● **What you have to do**
The line that contains "This isn't a" marks the start. Please set it down, with every later line of the data, exactly and without pictures.

● **The data**
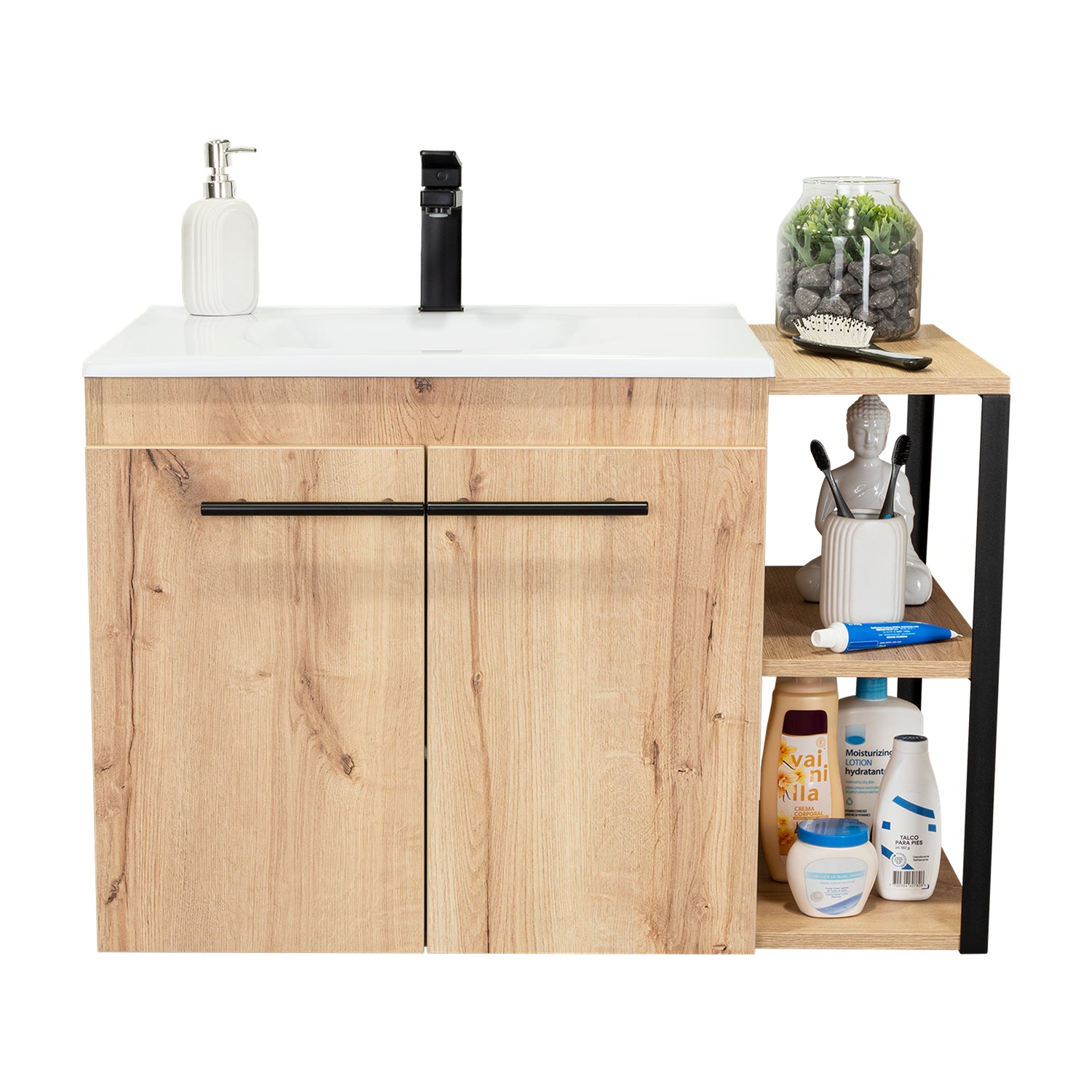 Renueva tu baño con estilo y funcionalidad gracias al mueble para lavamanos Khari Duna. Diseñado con un toque moderno, este mueble cuenta con dos puertas abatibles, manijas metálicas y amplios espacios de almacenamiento. Además, incluye un lavamanos para mayor comodidad. Armarlo es sencillo gracias al manual e herrajes incluidos. No te preocupes por accesorios o decoraciones, ya que no los necesitarás para que este mueble sea el protagonista de tu baño. ¡Aprovecha esta oportunidad y dale un toque de modernidad a tu baño con el mueble Khari Duna!
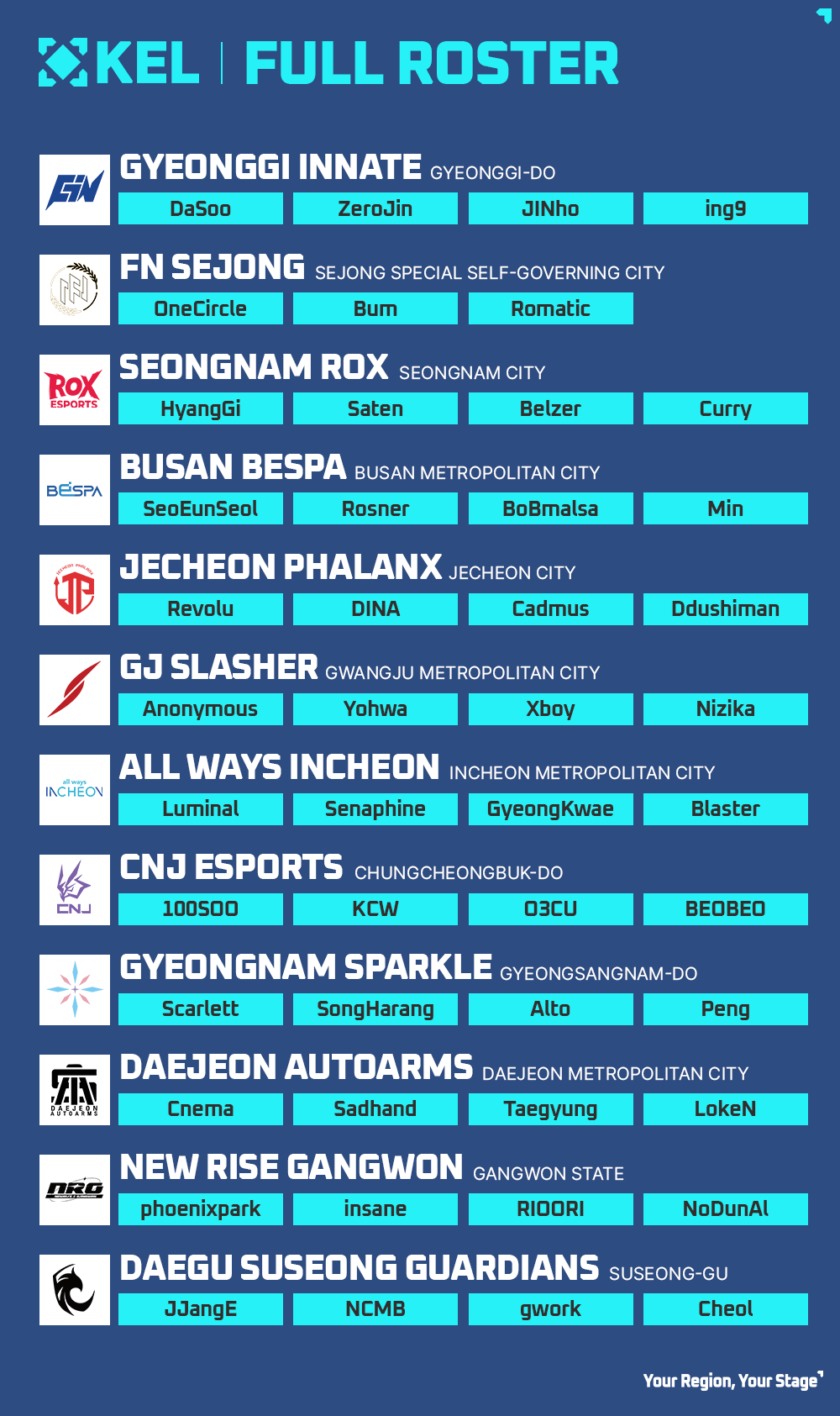 『KEL』は韓国文化体育観光部が主催し、韓国eスポーツ協会とNimble Neuronが主管し、韓国コンテンツ振興院とKkubeurakko炭火焼きチキンが後援している韓国初の地域eスポーツリーグです。
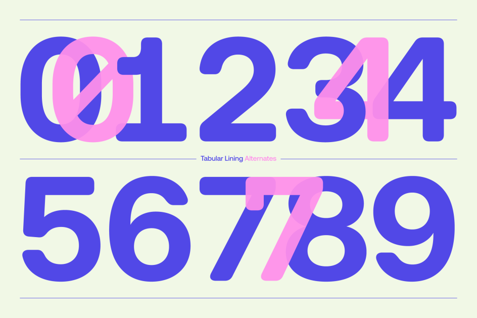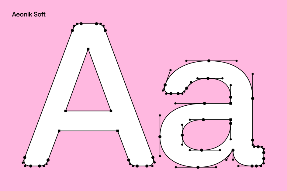 This isn't a rounded typeface in the conventional sense. The mechanical backbone remains largely intact; what changes is its emotional register. Subtly curved corners replace the harder edges of the original, creating a version that feels more expressive and conversational, but never informal. The result is particularly well suited to editorial work, identity systems, packaging and children's content; contexts where Aeonik's modernity benefits from a gentler touch.
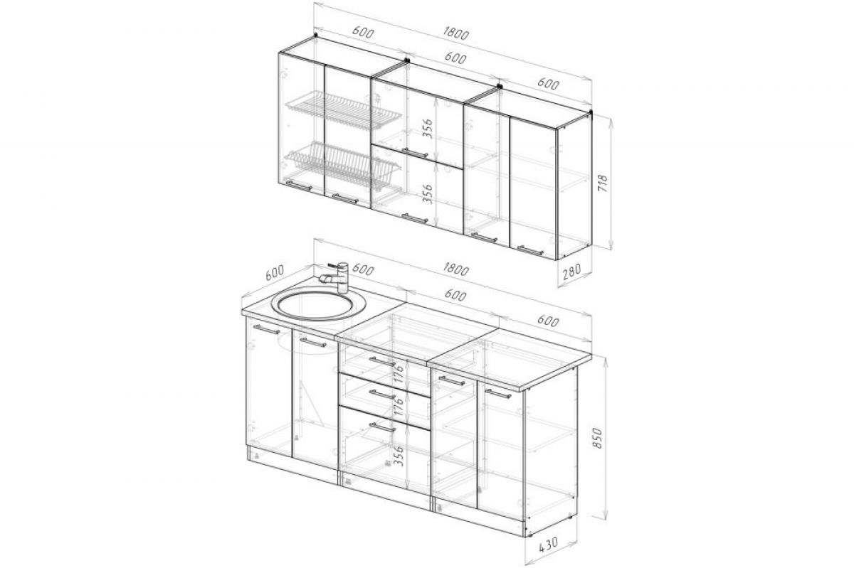 Ширина: 1800 мм; Глубина: 600 мм (со столешницей)

● **Answer to this exercise**
 This isn't a rounded typeface in the conventional sense. The mechanical backbone remains largely intact; what changes is its emotional register. Subtly curved corners replace the harder edges of the original, creating a version that feels more expressive and conversational, but never informal. The result is particularly well suited to editorial work, identity systems, packaging and children's content; contexts where Aeonik's modernity benefits from a gentler touch.
 Ширина: 1800 мм; Глубина: 600 мм (со столешницей)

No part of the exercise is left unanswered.